**Supplied data**
——
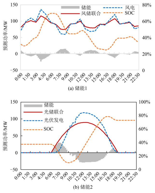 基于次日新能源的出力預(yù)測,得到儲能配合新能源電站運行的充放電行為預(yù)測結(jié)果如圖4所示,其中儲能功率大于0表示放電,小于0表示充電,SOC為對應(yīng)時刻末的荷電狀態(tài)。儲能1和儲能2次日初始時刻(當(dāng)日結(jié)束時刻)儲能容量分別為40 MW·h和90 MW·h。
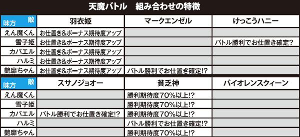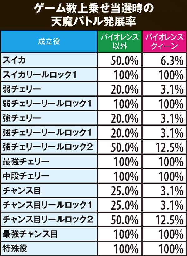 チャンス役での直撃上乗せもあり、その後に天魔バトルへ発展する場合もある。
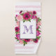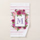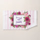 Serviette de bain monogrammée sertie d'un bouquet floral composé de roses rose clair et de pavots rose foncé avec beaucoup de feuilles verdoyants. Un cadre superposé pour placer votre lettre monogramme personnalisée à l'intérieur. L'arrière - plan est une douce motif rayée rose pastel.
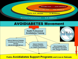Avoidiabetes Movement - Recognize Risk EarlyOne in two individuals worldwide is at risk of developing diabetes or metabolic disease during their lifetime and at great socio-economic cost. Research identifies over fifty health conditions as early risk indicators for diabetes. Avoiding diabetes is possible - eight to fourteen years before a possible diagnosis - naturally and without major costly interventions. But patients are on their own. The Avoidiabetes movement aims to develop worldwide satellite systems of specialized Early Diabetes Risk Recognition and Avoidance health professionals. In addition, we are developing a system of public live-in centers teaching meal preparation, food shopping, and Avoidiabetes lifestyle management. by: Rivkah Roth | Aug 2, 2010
——
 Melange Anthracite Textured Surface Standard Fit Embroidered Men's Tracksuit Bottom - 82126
——
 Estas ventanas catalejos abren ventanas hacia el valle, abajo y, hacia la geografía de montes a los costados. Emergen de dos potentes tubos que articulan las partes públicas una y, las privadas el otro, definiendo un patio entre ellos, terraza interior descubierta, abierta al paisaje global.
——
**Exercise objective**
In the records above, find the line with "チャンス役での直撃上乗せもあり、その後に天魔バトルへ発展する場合もある。" and the line with "Avoidiabetes Movement - Recognize", then restate word for word only those two lines and all lines between, omitting pictures.

**Task answer**
 チャンス役での直撃上乗せもあり、その後に天魔バトルへ発展する場合もある。
 Serviette de bain monogrammée sertie d'un bouquet floral composé de roses rose clair et de pavots rose foncé avec beaucoup de feuilles verdoyants. Un cadre superposé pour placer votre lettre monogramme personnalisée à l'intérieur. L'arrière - plan est une douce motif rayée rose pastel.
Avoidiabetes Movement - Recognize Risk EarlyOne in two individuals worldwide is at risk of developing diabetes or metabolic disease during their lifetime and at great socio-economic cost. Research identifies over fifty health conditions as early risk indicators for diabetes. Avoiding diabetes is possible - eight to fourteen years before a possible diagnosis - naturally and without major costly interventions. But patients are on their own. The Avoidiabetes movement aims to develop worldwide satellite systems of specialized Early Diabetes Risk Recognition and Avoidance health professionals. In addition, we are developing a system of public live-in centers teaching meal preparation, food shopping, and Avoidiabetes lifestyle management. by: Rivkah Roth | Aug 2, 2010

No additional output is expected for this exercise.